Alcuni ad esempio paventano addirittura la rinuncia alla proprietà privata come prezzo della cancellazione dei debiti in seguito al grande ripristino del sistema economico, anche se questa possibilità al momento appare remota. Si sa però che i fondi dei vari "recovery plan" saranno destinati solo alle iniziative e alle aziende in linea con gli obiettivi del green deal, per cui la contropartita degli aiuti economici fondamentali per tante realtà sarà la parziale rinuncia alla libertà d'impresa. Parallelamente, crescerà l’importanza dei sussidi pubblici o dei vari “redditi di cittadinanza” per i tanti rimasti senza lavoro o che continueranno a non trovarlo anche a causa dei lockdown. Inoltre, già si parla della necessità di certificare con un passaporto sanitario, digitale o meno, l'avvenuta vaccinazione contro il virus, che di per sé non dovrebbe essere obbligatoria, per poter tornare a viaggiare e a lavorare, e queste non sono fantasie complottistiche, come dimostra anche l'esempio della Cina, dove il tracciamento per isolare i positivi riguarda tutta la popolazione. Tra l'altro, proprio sulle critiche e i dubbi rispetto alla gestione della pandemia si è manifestata negli ultimi tempi sui social media una stretta della censura senza precedenti, che non sembra destinata ad allentarsi con l'arrivo del vaccino. Pare insomma che il mondo della “post pandemic era” avrà molti tratti in più di controllo (fatto da privati per il pubblico o viceversa) e molte meno illusioni liberali, con significative limitazioni all'iniziativa individuale in campo economico sia dal lato dell'offerta sia da quello della domanda, in linea con la decrescente importanza degli esseri umani che si accompagna negli ultimi decenni all'espansione dell'automazione industriale e dell'intelligenza artificiale. Non sembrano stonare a questo proposito i riferimenti distopici alle società illiberali descritte da Orwell in 1984 e Animal Farm, con la differenza che nel mondo nuovo di socialista ci saranno solo alcune forme ma la sostanza sarà quasi tutta privata.

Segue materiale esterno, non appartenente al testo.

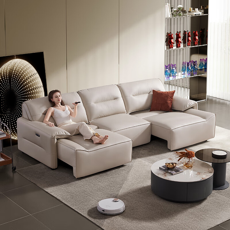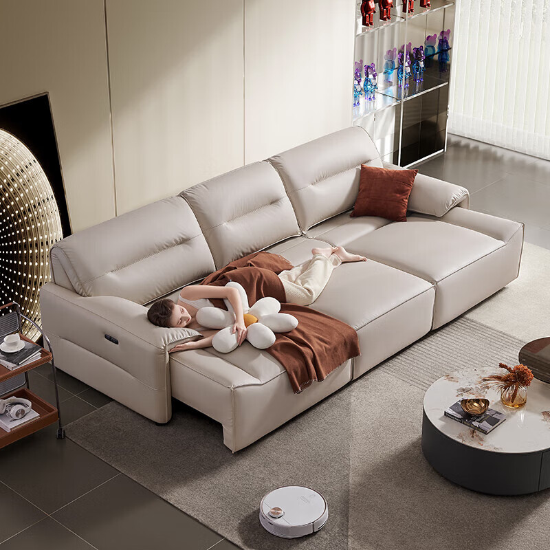 5、沙发摸起来不错,电动后真是一张大床,舒服

Un'ultima precisazione riguarda proprio il socialismo, o meglio alcune misure di tipo socialista e statalista adottate nel passato che potrebbero ancora dimostrarsi utili, se si riuscisse a fare chiarezza su questi temi senza scadere nella faziosità di certi ideologi marxisti o fan del liberismo ad oltranza. Indubbiamente il capitalismo, che ha generato tanti problemi ma anche molta ricchezza e prosperità, ha dato il meglio di sé con le correzioni di tipo socialista imposte dagli stati nazionali dopo la crisi del 1929 e durate fino agli anni '80 del '900. Alcune di queste misure potrebbero effettivamente giovare alla presente e alla prossima fase del capitalismo, come la parziale socializzazione degli investimenti per ottenere una stabilizzazione finanziaria, o un controllo dei movimenti internazionali di capitale per evitare crisi del debito privato e quindi crisi del debito pubblico, che poi "giustificano" l'imposizione di misure alla Monti per riequilibrare la bilancia dei pagamenti. Senza entrare nello specifico, per cui esistono studiosi ben più preparati di me, è evidente che la quarta rivoluzione industriale potrebbe riaprire scenari di sviluppo interessanti anche per i nostri paesi deindustrializzati, ma c'è bisogno di una governance forte capace di superare le contraddizioni del capitalismo a vantaggio di tutti, e non solo, come al solito, dei più ricchi, per cui non possiamo attendere che siano loro a dettare la linea.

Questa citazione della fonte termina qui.